Эта игра ведь была просто для иллюстрации проблемы с долей счета. В ней всего два исхода, и использовалось простейшее распределение вероятностей (кажется, оно называется распределение Бернулли). Сравнивать результаты этой программки с реальной торговлей, наверное, неправильно. Там ведь совсем другое распределение, более сложное.
Потеря всей ставки, ну для голых опционов, это нормально, так что имеет право быть.
Спасибо
Рынок может просто измениться, но это будет видно только посфактум. Будьте аккуранее.
Винс в игровой статистике с известным, и что важно! постоянным матожиданием это одно, реальный рынок — есть реальный рынок, все гараздо сложнее.
Гениально.
Варьируем p (probability)
Варьируем K (profit/loss)
Варьируем f от fKelly/3 до fKelly
N(количество сделок) 20,100,1000
Для каждых значений находим распределение вероятности максимальных просадок
Выяснится, что при использовании fKelly на дистанции 1000 сделок существует очень высокая вероятность (>80%) просадить 80% счета.
Также посмотрите, как сильно смещается кривая этого распределения, если Вы ошиблись в вероятности сделки на 5%. Тут есть точки крутого перегиба. Например, Вы решили, что совершаете сделку с вероятностью p и profit/loss=K. Выбрали максимальный f, например, исходя из предположения, что на дистанции 1000 сделок вы не хотите иметь просадку больше 35% с вероятностью больше 80%.
Если окажется, что на дистанции вы ошиблись и вероятность не p, а p-5%, то применение данного f может привести к тому, что с вероятностью 80% будет просадка более 35%.
Все это к тому, что копните глубже.
Применение fKelly имеет подводные камни.

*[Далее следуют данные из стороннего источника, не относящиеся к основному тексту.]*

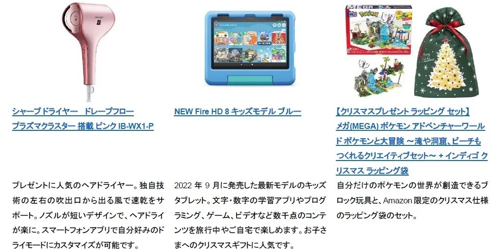 また子供向けのギフトセットにおいてはAmazon限定のラッピング袋などを用意しており、さらに子供向けの人気商品とギフトラッピングのセット販売も行っているため、欲しい商品や贈りたい商品を希望に合わせて探すことができるようになっています。なお、現時点でクリスマスギフト2022において「シャープ ドライヤー ドレープフロー プラズマクラスター 搭載 ピンク IB-WX1-P」や「NEW Fire HD 8 キッズモデル ブルー (8インチ) 数千点のキッズコンテンツが1年間使い放題」、「メガ ポケモン アドベンチャーワールド ポケモンと大冒険 ~滝や洞窟、ビーチもつくれるクリエイティブセット」などが人気の商品となっているとのこと。
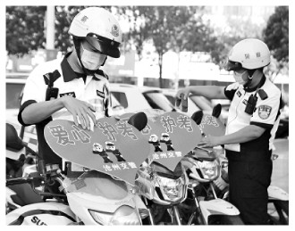 高考在即,河北省滄州市交警提前部署高考護(hù)考管控措施,為接送考生車輛“護(hù)航”。圖為滄州市公安交警支隊(duì)二大隊(duì)鐵騎交警為警用摩托車粘貼“愛(ài)心護(hù)考”標(biāo)識(shí)牌。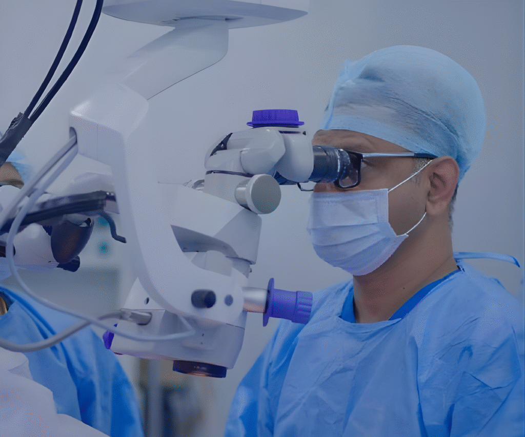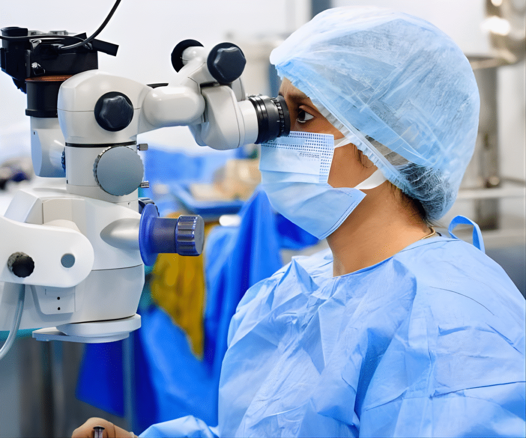 • A tiny incision (2–3 mm) is made at the edge of the cornea.

И его точно не стоит применять на весь депозит (если он у Вас последний :)).
И последнее. Данная модель построена на предположении независимости сделок, что на практике не так. Скорее у вас есть группы зависимых сделок. Группы между собой независимы.
Поизучайте, как применяли fKelly в блэкджеке. Там ситуация похожа: «холодная» и «горячая» колода — это зависимые события. Игры, разделенные перемешиванием колоды — независимые.